My goal for several years has been to read 50 books in one calendar year – 52 weeks – but I have always fallen off the rails around 25 books. This year, I’m twice as determined. I will be posting short reviews of each book with my thoughts and any recommendations I received for the book as well as a link to purchase the book from Amazon, (though I recommend checking your local library first). If you have questions, leave a comment! If you want to follow my journey, find me on Goodreads.
I really don’t know why I waited so long to read Wild. Though originally published in March of 2012, just before I graduated and embarked upon the wildest of journeys, I never got around to reading it. I acquired this copy from a local shop in Rome, Alan’s Books, which is where I do most of my used book business these days. When I saw it sitting on the shelf, I knew it was time.
Strayed chronicles her bout with grief over her mother’s death, shifting between childhood experiences, the time surrounding her mother’s diagnosis and death, and the grieved years just after her mother’s death all while taking one step at a time from southern California to Oregon on the Pacific Crest Trail.
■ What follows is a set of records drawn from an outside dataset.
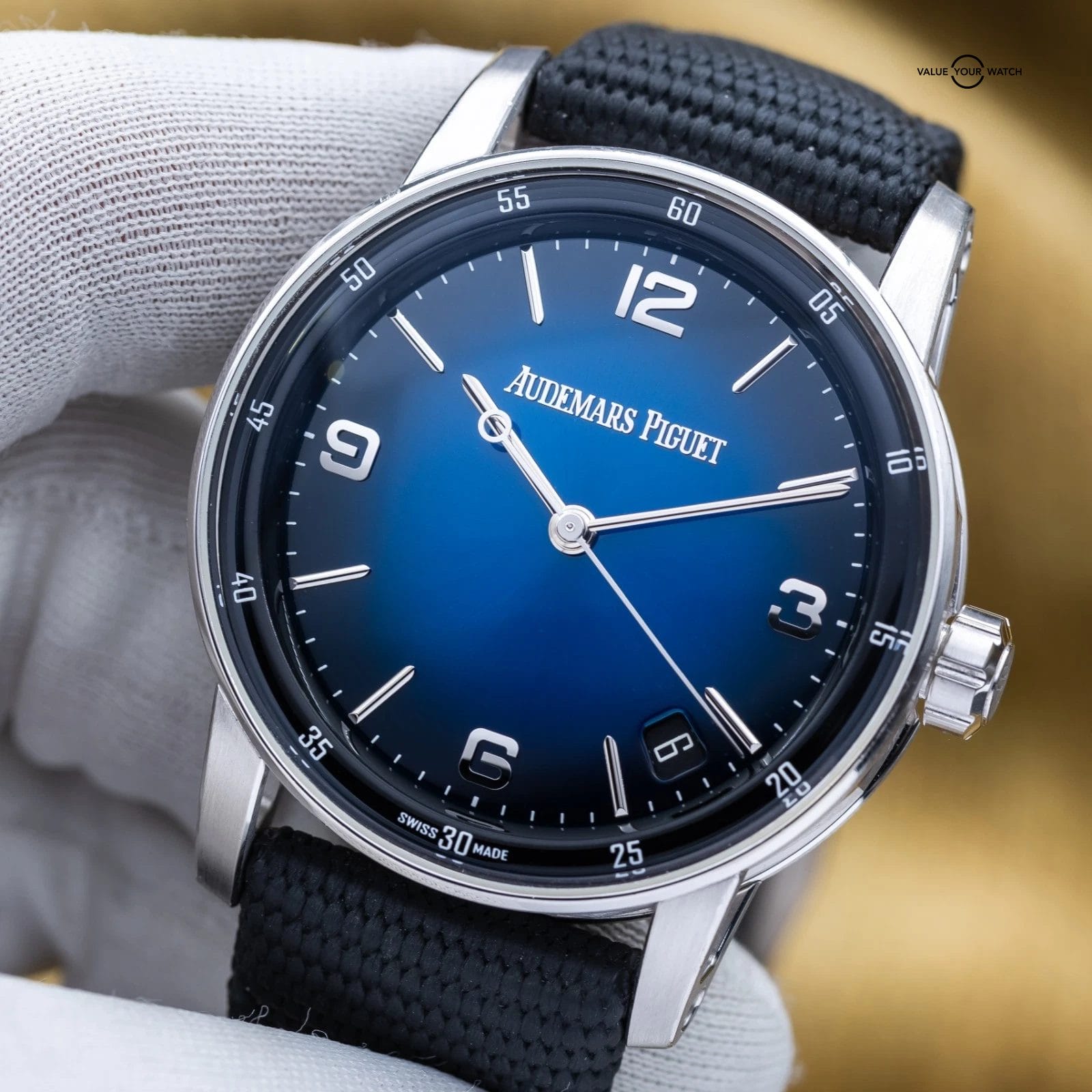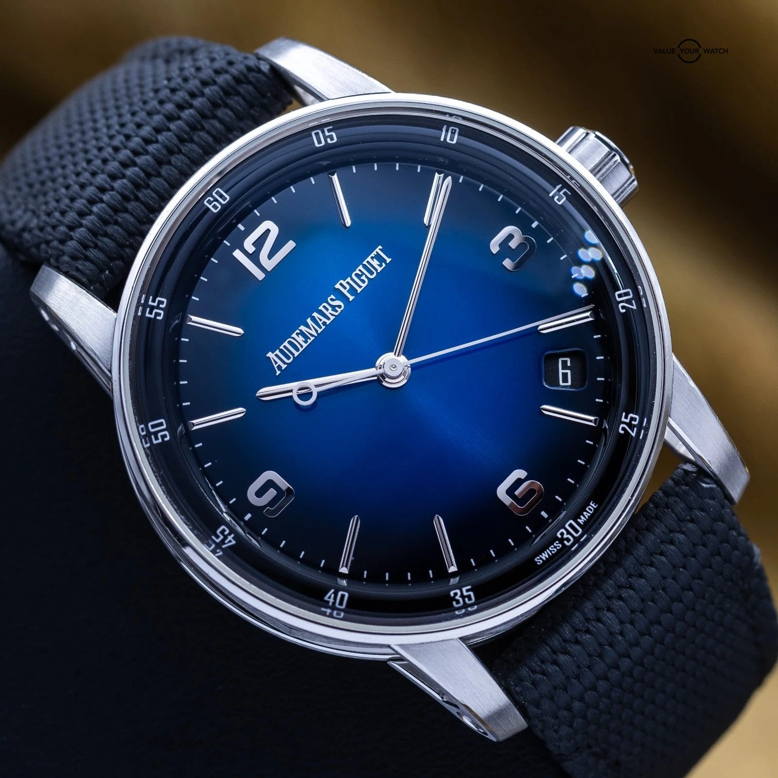 Specification: Audemars Piguet Code 11.59 41mm White Gold Blue Dial – AP 15210BC Complete Set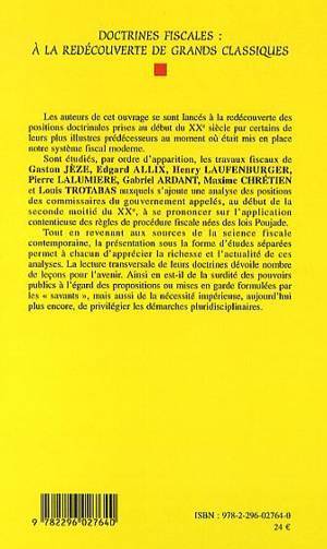Voici une redécouverte des travaux fiscaux de G. Jèze, E. Allix, H. Laufenburger, P. Lalumière, G. Ardant, M. Chrétien et L. Trotabas, auxquels s'ajoutent des contributions du début de la seconde moitié du XXe siècle. Ce retour aux sources de la science fiscale contemporaine permet d'apprécier la richesse et l'actualité de ces analyses.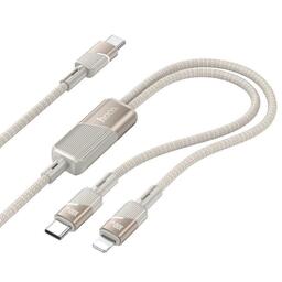 Дата-кабель Hoco U139 2 в 1 Type-C/Type-C +Lightning (100W, нейлон 1,2м.) цвет: золото to Lightning supports

This memoir resonated with me on several levels. First, Strayed’s account of initially packing her belongings into the external frame hiking backpack she picked up at REI, then trying to don the pack, finding it too heavy to lift, gave me flashbacks of my own experience packing my belongings into a hiking backpack on several occasions, but specifically in September of 2013 when I left everything behind for an eleven month adventure around the world. Girl, I RELATE. I could barely pick up my pack for those firs three months, but by the end of my journey, much like Strayed, I’d dropped most of the frivolous items along the way and couldn’t imagine why I’d thought to pack them in the first place. Who needs extra shoes?! There’s something religious about loosing your hold on material possessions. I wonder if Strayed still thinks in a “survival only” mode when it comes to owning anything – clothes, furniture, multiple pairs of shoes. Five years removed from my country-hopping and I still find myself feeling a little guilty for owning as many shoes as I do.
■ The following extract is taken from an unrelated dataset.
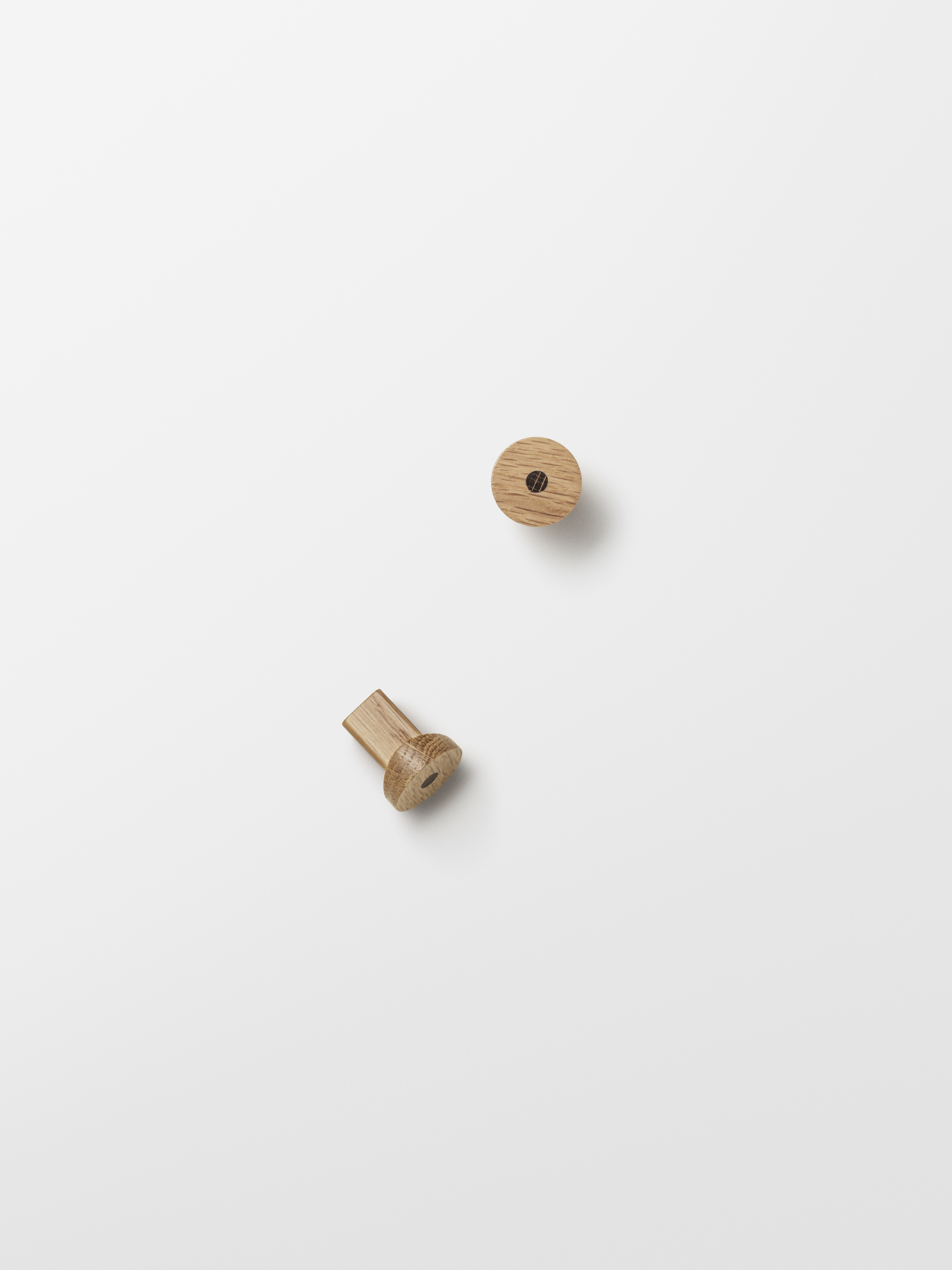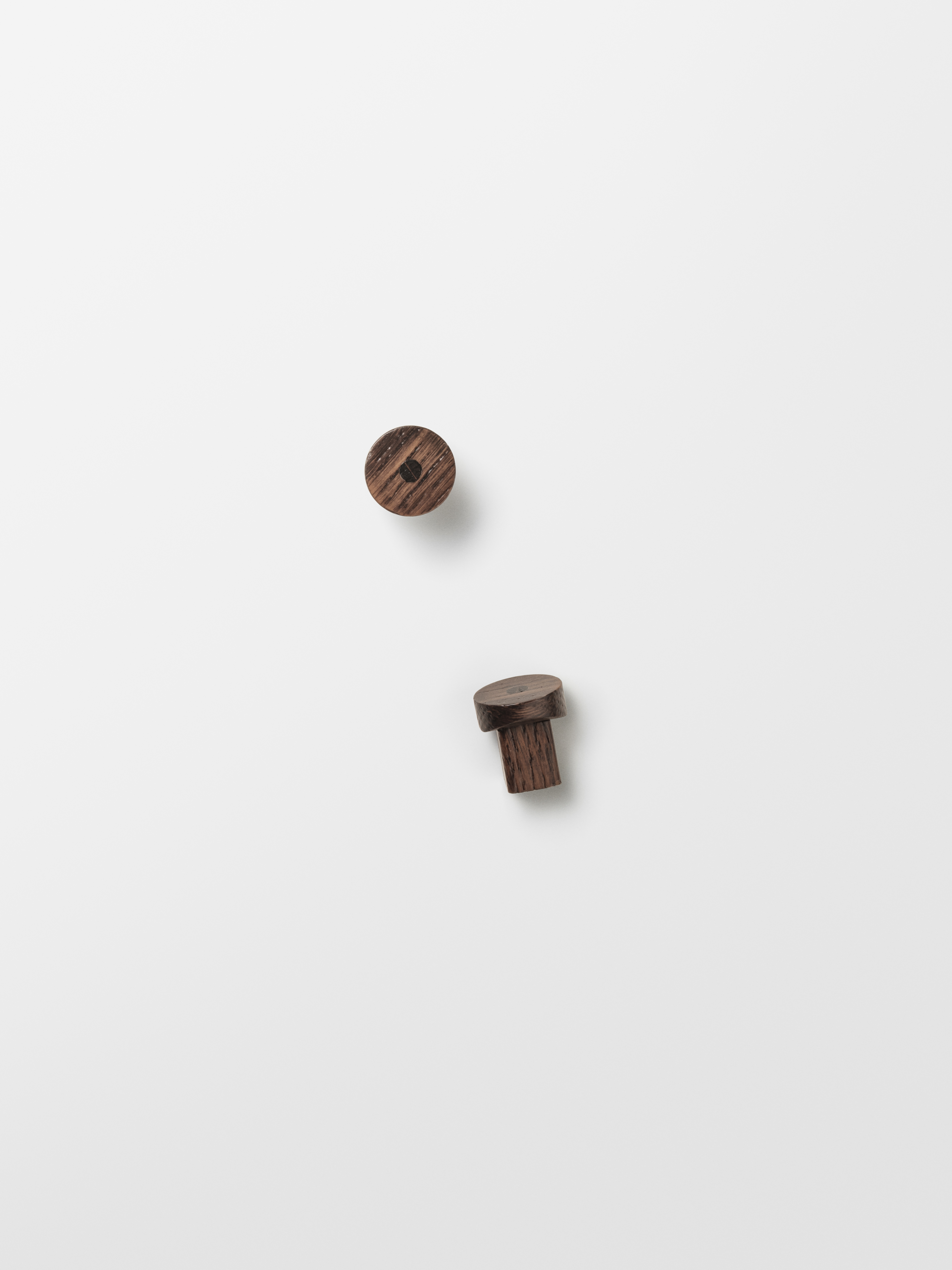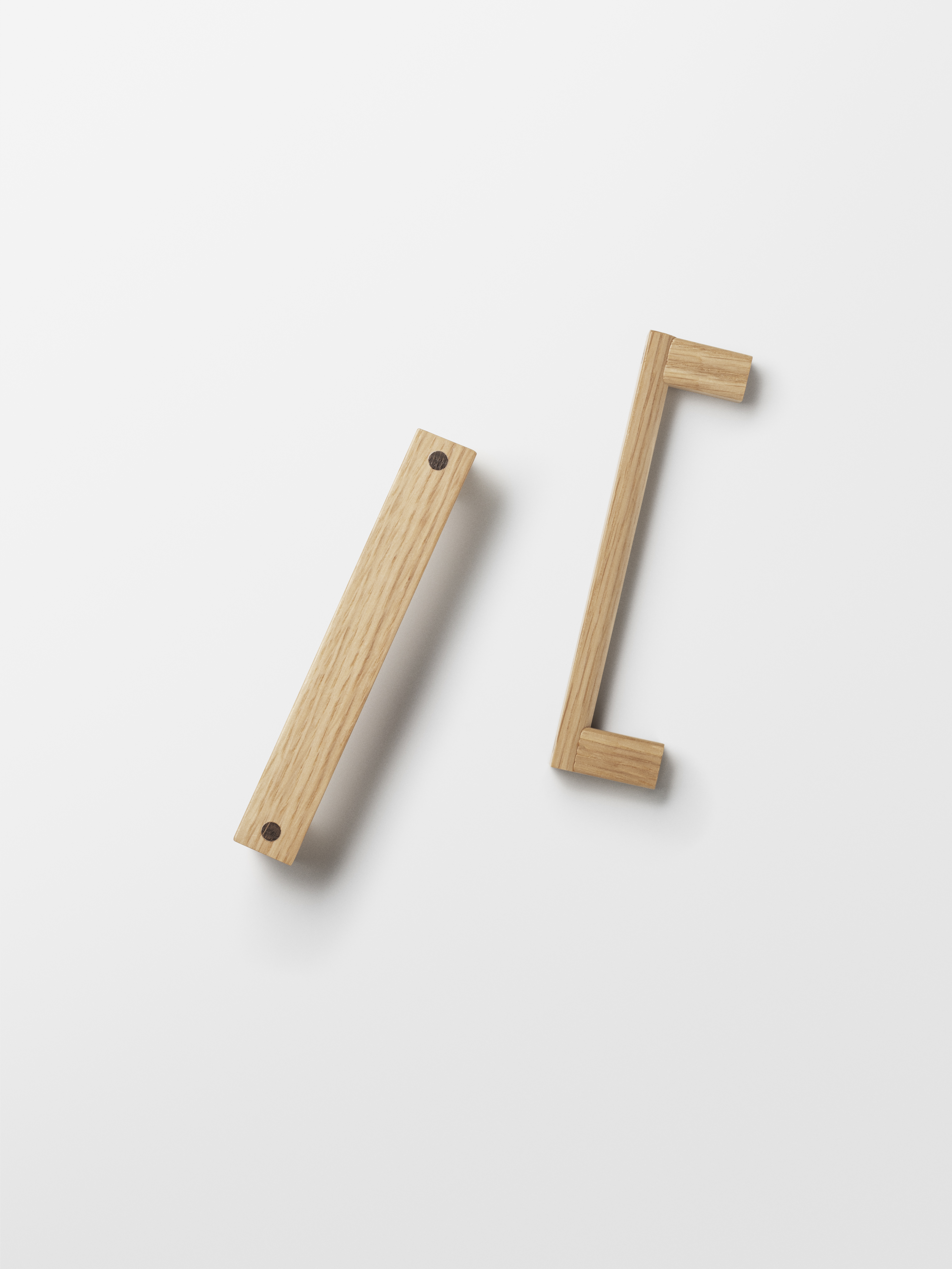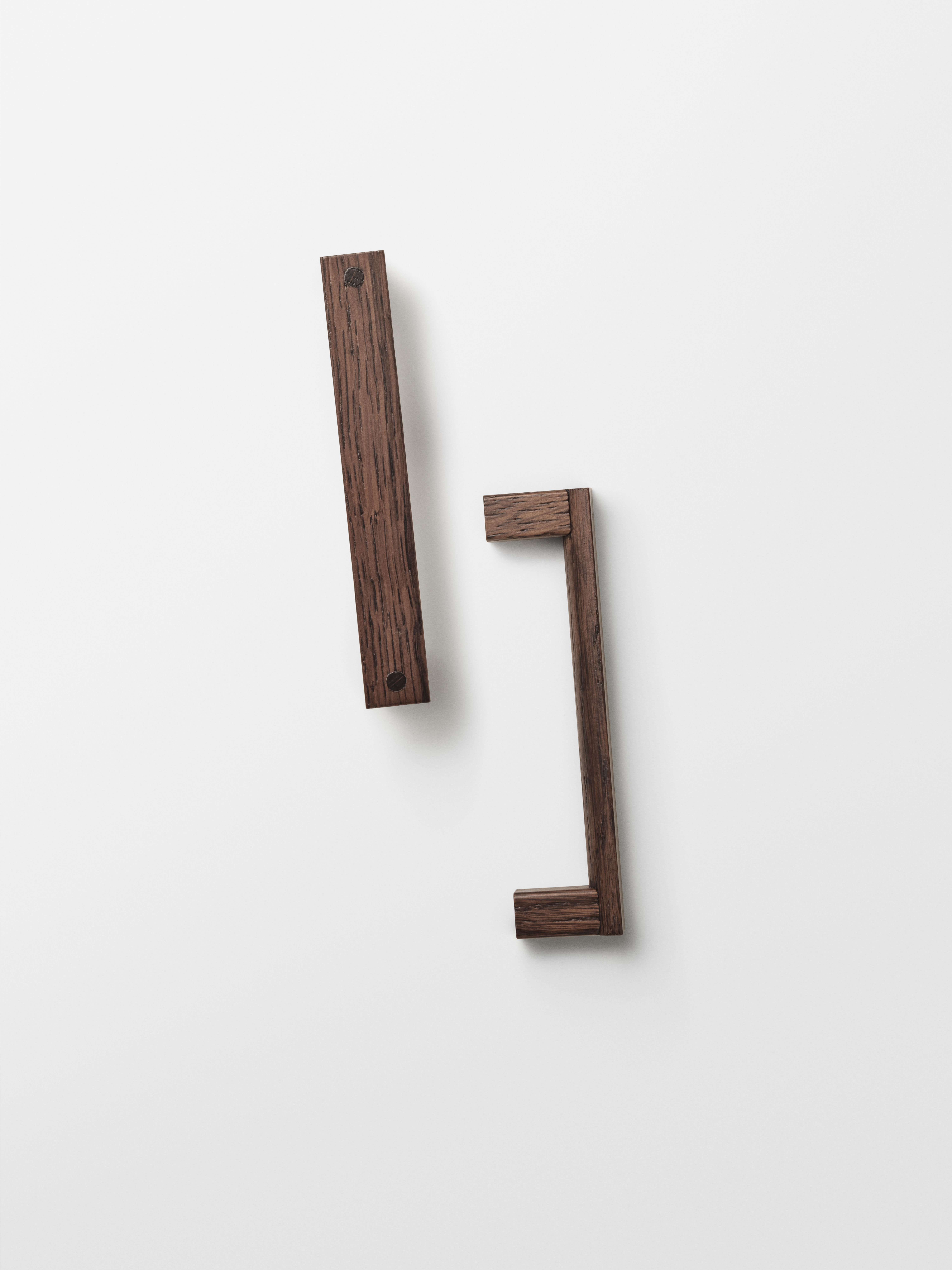Available in either natural or dark stained oak, both handles are made from solid European oak and have an integrated dowel made of dark black stained oak. The wooden handles are protected by a matte clear PU lacquer, making them easy to clean and maintain.

The second resounding aspect of Strayed’s novel revolves simply around the Pacific Crest Trail. I haven’t ever hiked it, but I did spend some time on the Appalachian Trail with my friend, Drew Burnett, who attempted a speed record (and did pretty well, honestly). Those few weeks living out of a camper, hiking in and out when we met him with food, and driving through state after state on the east coast did a thing to my heart. It proved to me that slowing down can happen in America, too. It’s possible to get away from the anxious burn in my chest caused by the chaos and speed of keeping up with everyone else. It was magical. There are views and experiences (like being a bear burrito in my hammock) that cannot be expressed in an image or a few words. They will live with me forever.
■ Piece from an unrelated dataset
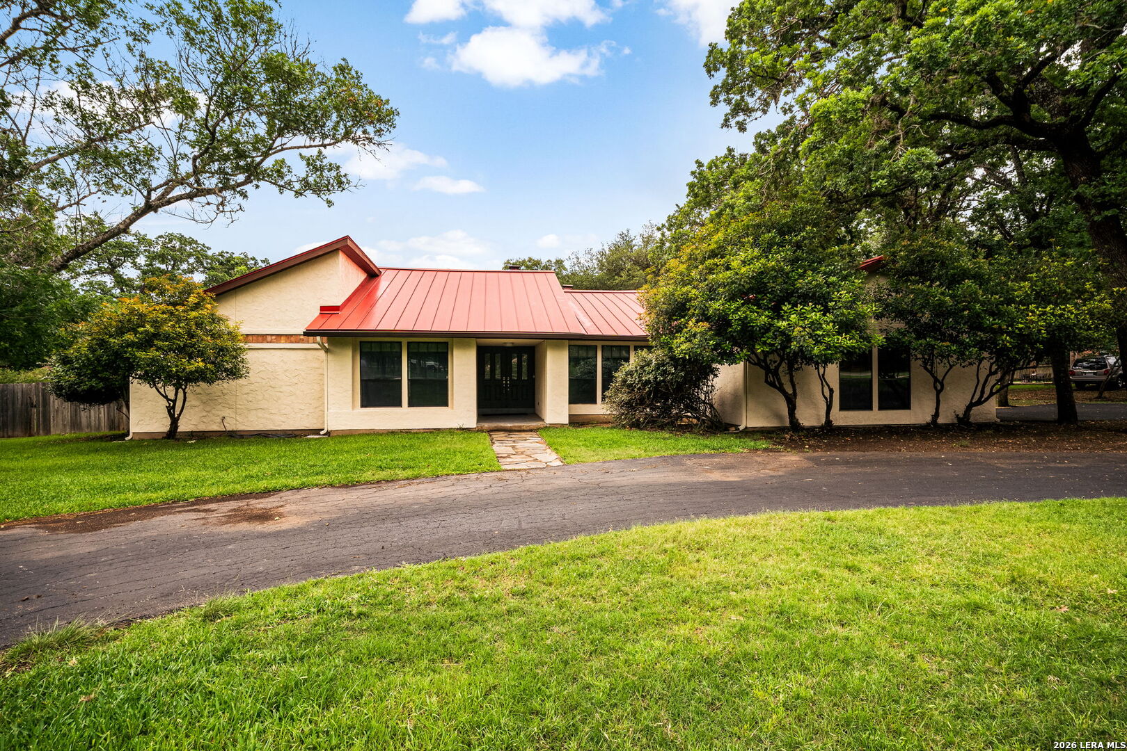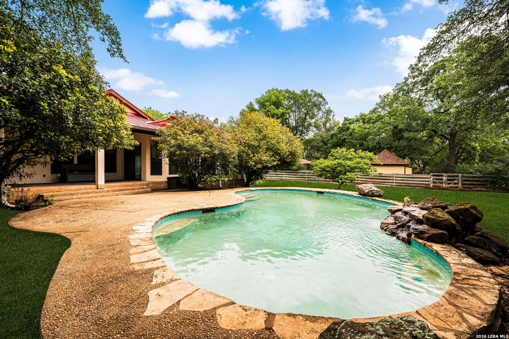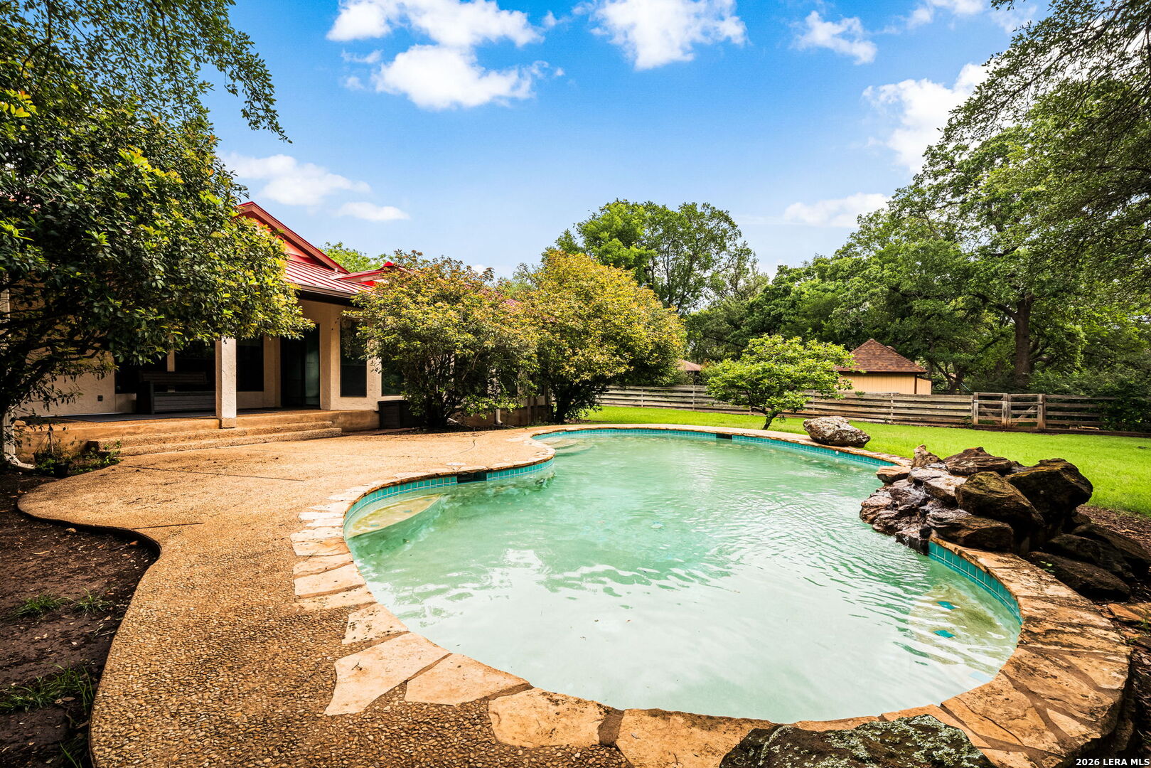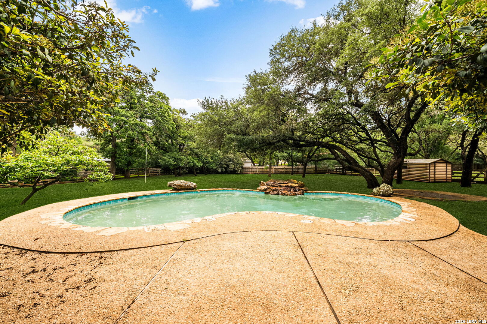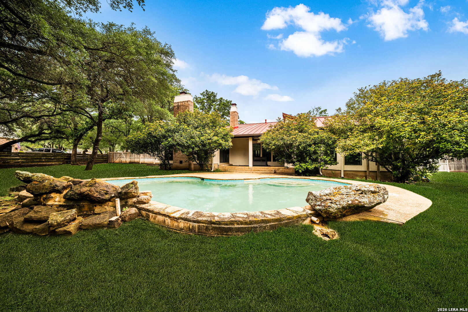 Beautiful single story home on 1 acre in sought after Scenic Oaks. This inviting property features an inground pool surrounded by mature, gorgeous trees, creating a private backyard retreat. Interior offers ceramic tile throughout , a dedicated office, and huge family room with cozy fireplace. Separate living and dining areas provide flexible space for entertaining. The lovely primary suite includes a sitting area and private access to the pool area. High open ceilings, a beautiful metal roof and rambling space make this a great find for anyone looking for privacy, convenience, comfort and outdoor living.

Finally, grief. I’m not sure of any harder experience in life than grief, whether grieving the death of a family member, the loss of a friendship, or the horrors our society experiences. Strayed recounts some interesting and sometimes extreme actions taken in her grief. While I’ve never swallowed ashes and bones (I was so shocked by this), I’m no stranger to extreme responses to grief. I appreciate Strayed’s vulnerability in documenting her experiences, though they have received some negative feedback. Her audacity to take on the Pacific Crest Trail, much more remote and grueling than the AT, on her own proves her strength and her resilience. This is a must read for the adventurers, feelers, and challengers among us. If you don’t quite fit one of those categories, Wild may help you understand these personalities.